▶ _Problem to work on_: Reproduce the listing that follows in full. Omit its images.

▶

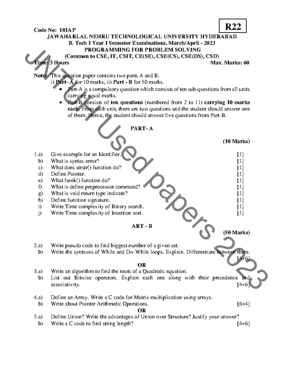 B.Tech 1st Sem Final Exam - Programming for Problem Solving (181AP ...
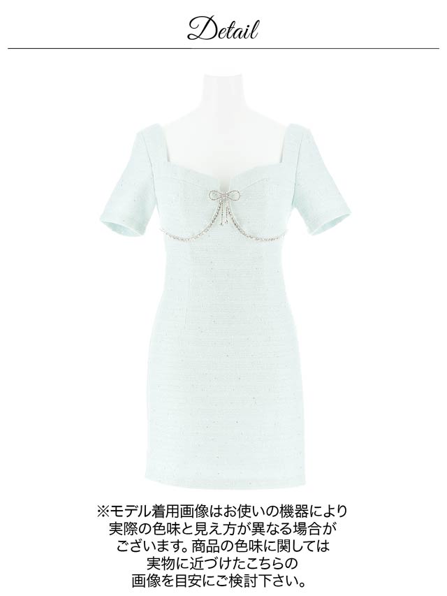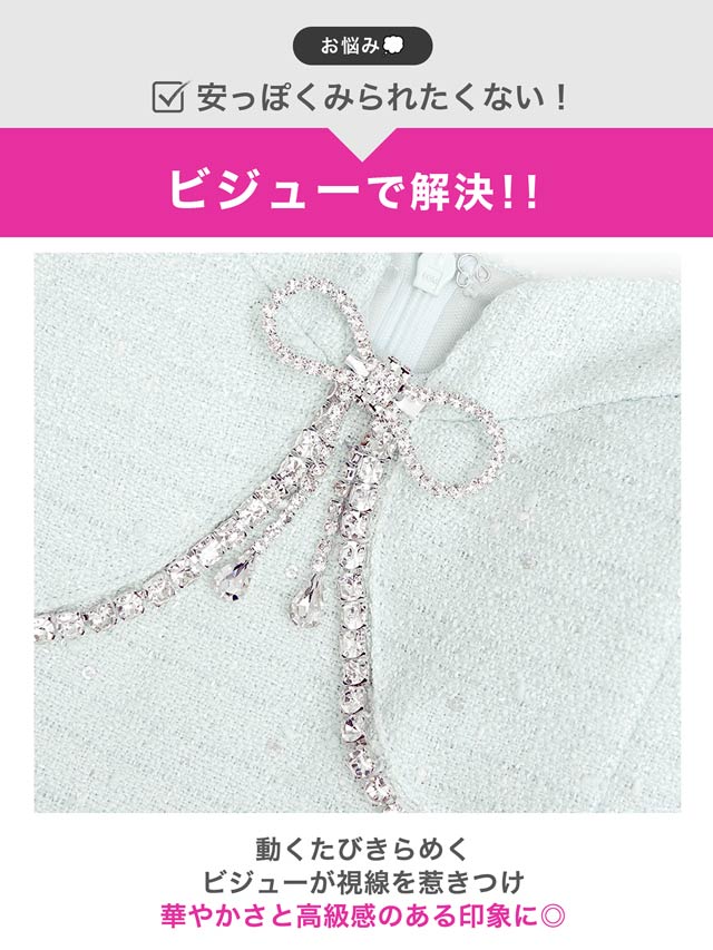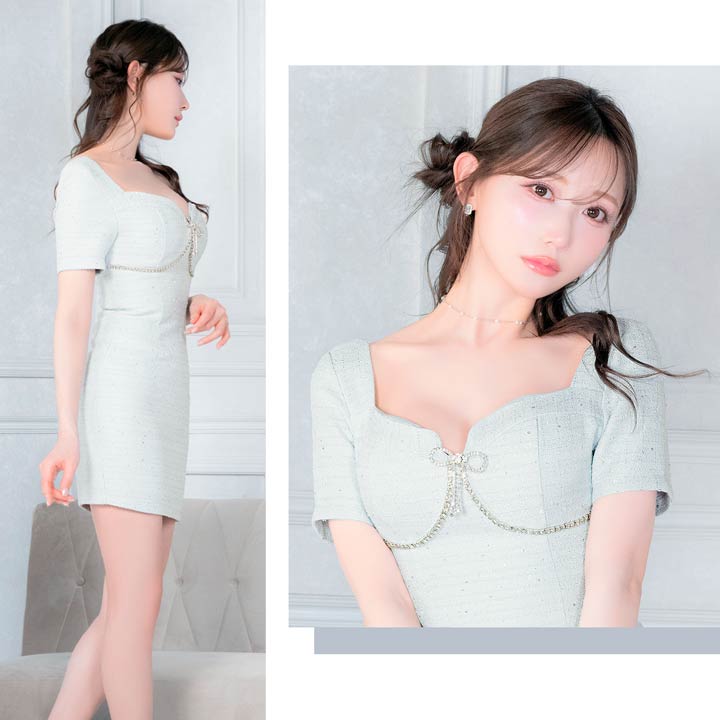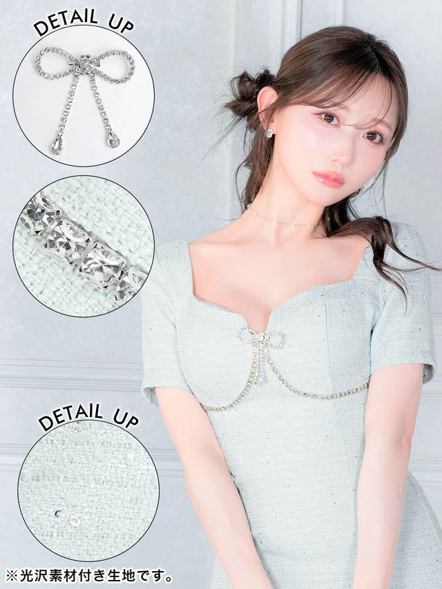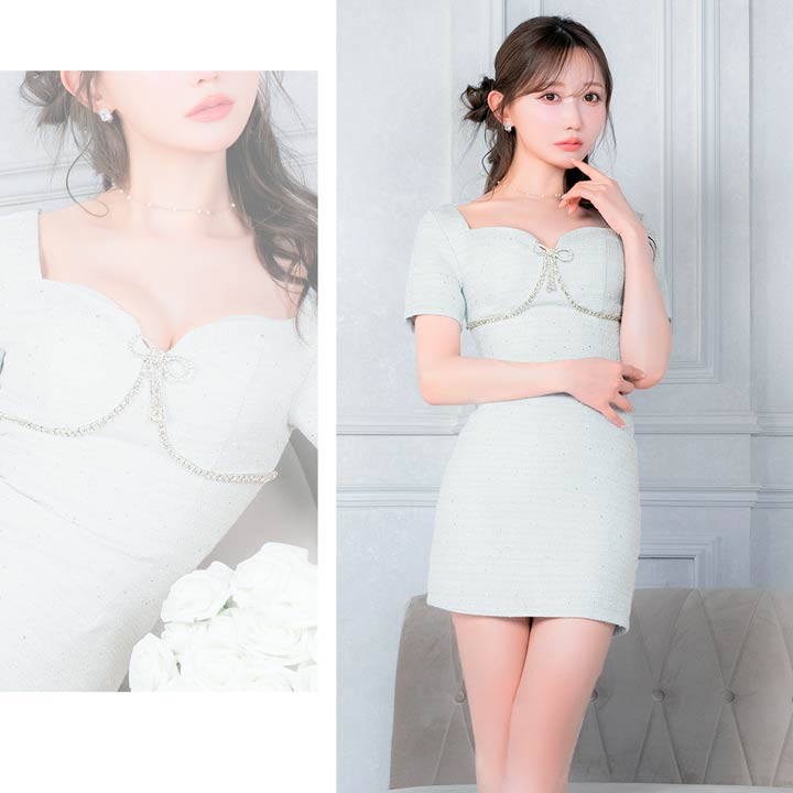 4/17新作!ビジューリボンが目を惹く高級感半袖×バスト強調ビジューのツイードタイトミニ丈キャバドレス[SML/3サイズ展開]
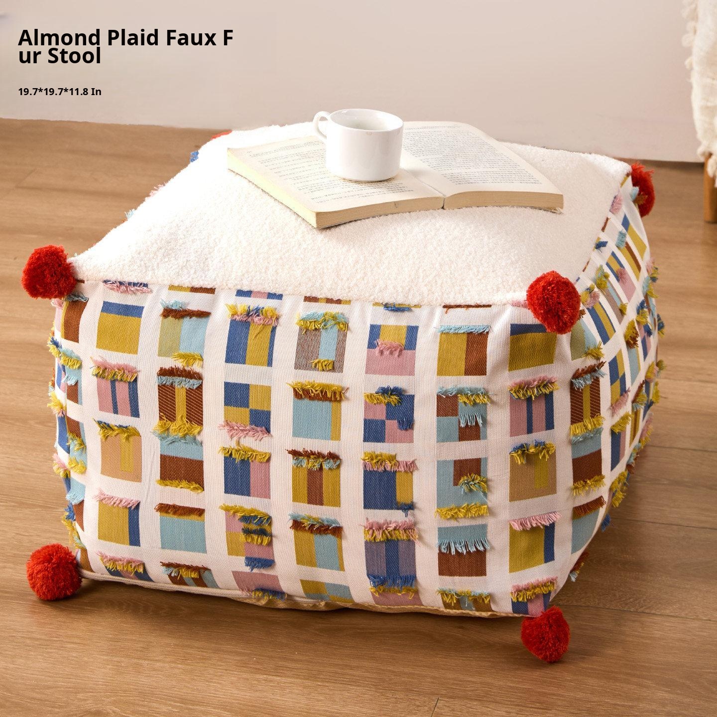 Almond plaid fur ball pouf
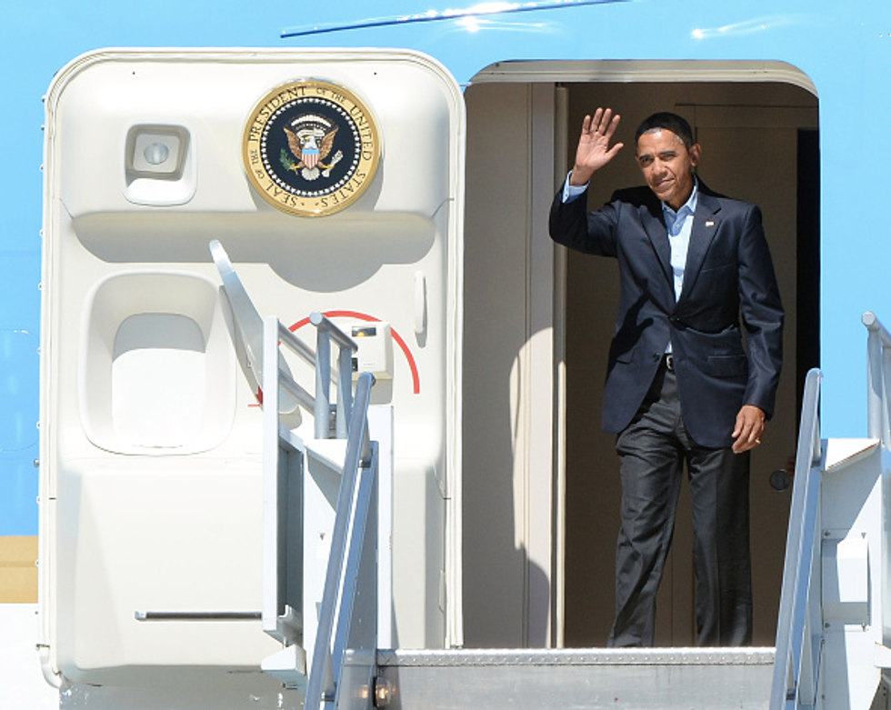 President Barack Obama arrives in Air Force One at LAX Airport on October 10, 2015 in Los Angeles, California. (Photo by Michael Kovac/WireImage)
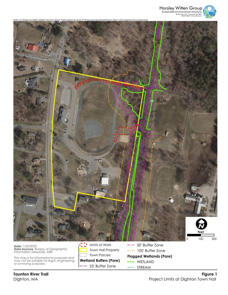 With Dighton’s Town Hall Complex abutting the Taunton River Trail (TRT), the area provides an appealing, publicly accessible connection opportunity to the planned Taunton River Trail and related planned improvements to Sweets Knoll State Park. Anticipated project efforts seek to complement ongoing TRT design and permitting processes underway by the state Department of Conservation and Recreation and the Horsley Witten Group.
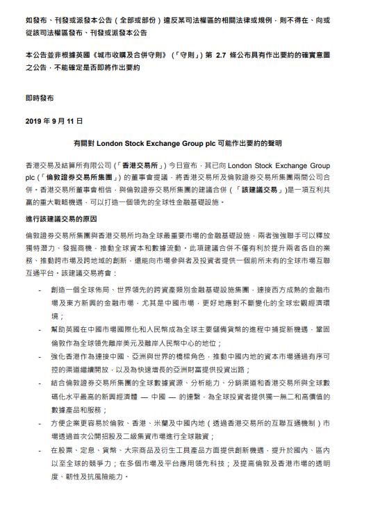 香港交易及结算所有限公司(「香港交易所」)今日宣布,其已向LondonStockExchangeGrouPPlc(「伦敦证券交易所集团」)的董事会提议,将香港交易所及伦敦证券交易所集团两间公司合併。香港交易所董事会相信,与伦敦证券交易所集团的建议合併(「该建议交易」)是一项互利共赢的重大战略机遇,可以打造一个领先的全球性金融基础设施。

◀

▶ _Result_:
 B.Tech 1st Sem Final Exam - Programming for Problem Solving (181AP ...
 4/17新作!ビジューリボンが目を惹く高級感半袖×バスト強調ビジューのツイードタイトミニ丈キャバドレス[SML/3サイズ展開]
 Almond plaid fur ball pouf
 President Barack Obama arrives in Air Force One at LAX Airport on October 10, 2015 in Los Angeles, California. (Photo by Michael Kovac/WireImage)
 With Dighton’s Town Hall Complex abutting the Taunton River Trail (TRT), the area provides an appealing, publicly accessible connection opportunity to the planned Taunton River Trail and related planned improvements to Sweets Knoll State Park. Anticipated project efforts seek to complement ongoing TRT design and permitting processes underway by the state Department of Conservation and Recreation and the Horsley Witten Group.
 香港交易及结算所有限公司(「香港交易所」)今日宣布,其已向LondonStockExchangeGrouPPlc(「伦敦证券交易所集团」)的董事会提议,将香港交易所及伦敦证券交易所集团两间公司合併。香港交易所董事会相信,与伦敦证券交易所集团的建议合併(「该建议交易」)是一项互利共赢的重大战略机遇,可以打造一个领先的全球性金融基础设施。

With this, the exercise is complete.